DA plans to oust Prince

The Democratic Alliance is drawing up a secret 14-day programme to oust controversial Western Cape politician Truman Prince, after his successful appeal for reinstatement as Central Karoo District municipality manager.

DA provincial leader Theuns Botha refused to give details, but said the plan would be put into operation next Monday. It was drawn up to ensure ‘we get all our ducks in a row”, but Prince’s removal from office ‘will take a single hour to execute”.

Botha said if the plan failed, the DA would withdraw from its ruling coalition with Prince’s breakaway party, the Independent Civic Organisation of South Africa (Icosa), in the central Karoo municipality. But the alliance would stand in other Western Cape councils.

Prince was expelled from the ANC and fired as municipal manager last year after he was caught on camera by the SABC’s Special Assignment team trying to pick up under-age sex workers. Numerous other charges were laid against him, including theft, crimen injuria, common assault and riotous behaviour.

His return sparked a war of words between the DA and the ANC over who was to blame for the Prince saga. The ANC said its opposite number had no business granting him an appeal, while the DA accused the ANC of ‘totally screwing up” his initial disciplinary hearing.

Icosa, meanwhile, has spoken darkly of a conspiracy against Prince and said it backs him. Icosa’s Western Cape secretary, Andrew Lyon, said: ‘I’m not sure if the ANC’s problem is because he is a coloured leader of Khoisan ethnicity or if it is his vividness in creating change that threatens them. But they set out to destroy his character and image. His legal victory has been very meaningful for us.” But he was careful to assert that Icosa’s alliance with the DA was not in jeopardy.

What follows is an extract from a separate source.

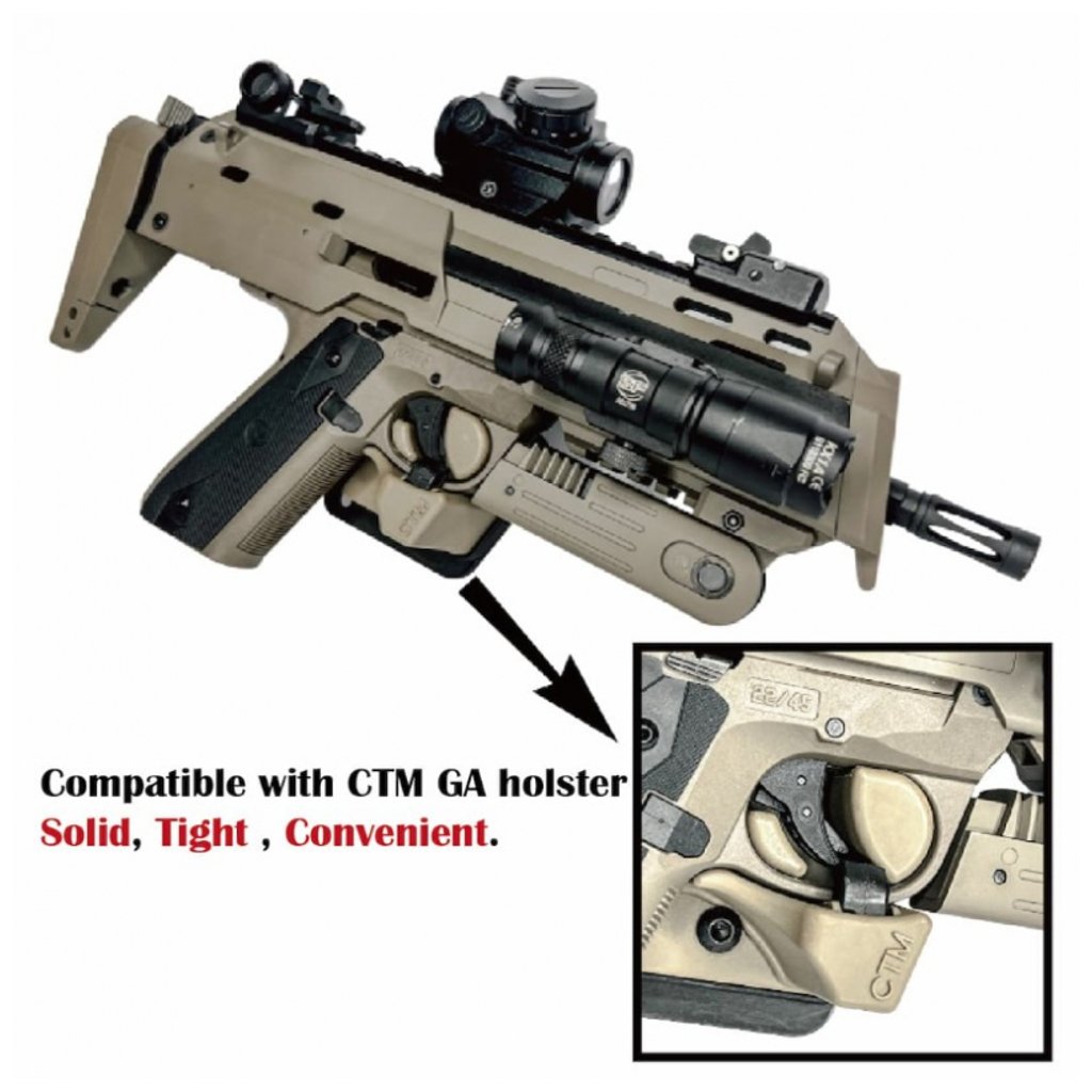 Popis produktu: Tento konverzní kit je navržen pro plynové pistole Action Army AAP-01 a umožňuje jejich transformaci na repliku samopalu (PDW) MP7. Kit je dostupný v několika barevných variantách a obsahuje výsuvnou pažbu se třemi nastavitelnými pozicemi. Ramena pažby jsou vyrobena z nylonových skleněných vláken, což zajišťuje vysokou pevnost a odolnost. Přední část je vybavena sklopnou ručkou, která je odnímatelná díky upevnění na RIS liště. Kit je dále vybaven vrchní a bočními RIS lištami, které umožňují přizpůsobení repliky přidáním doplňků jako svítilna, kolimátor nebo PEQ box. Replika je kompatibilní s pouzdrem / holsterem od CTM TAC. Podrobný návod na instalaci kitu na AAP-01 je k dispozici ve formě videa.
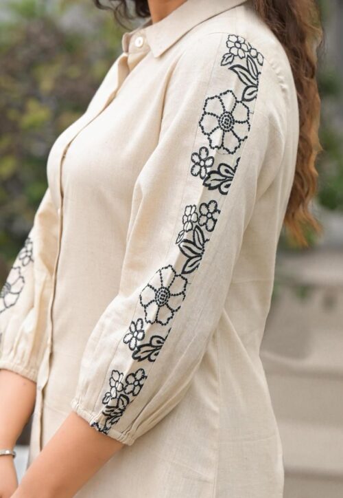 • A crisp button‑down shirt with subtle black floral embroidery on the sleeves

ANC member of the Western Cape legislature Max Ozinsky said his party was ‘seeking legal advice on the issue” as it did not believe Prince was entitled to an appeal. ‘He exhausted all his rights in that regard,” he said.

Ozinsky claimed Prince’s victory had taken place only because of the DA’s coalition agreement with Icosa in the rural areas of the Western Cape. ‘The DA promised Icosa they would save Prince and their whole relationship is based on that. The DA’s provincial leaders, Theuns Botha and Kent Morkel, stand in direct opposition to Helen Zille and Robin Carlisle on this matter.”

DA legislature member Carlisle said: ‘Over our dead bodies will the DA work with Truman Prince. But that doesn’t change the fact that a man found guilty by a party disciplinary process has the right to appeal. It doesn’t matter how villainous that person is.”

Carlisle said: ‘It would have been easier to hang Prince than Jack the Ripper, but the ANC screwed it up so badly. We could see it coming to us like a charging elephant. I struggled for three years to get him fired, but the ANC backed him no matter what — until the SABC footage came to light. That was impossible to defend.”

The DA’s Botha insisted that his party’s coalition with Icosa ‘exists only because Prince resigned. Now that he has been reinstated, we have met Icosa and clearly stated that we are still committed to a coalition up to 2009 and perhaps beyond that, but that we have to find a solution to the Truman Prince problem.”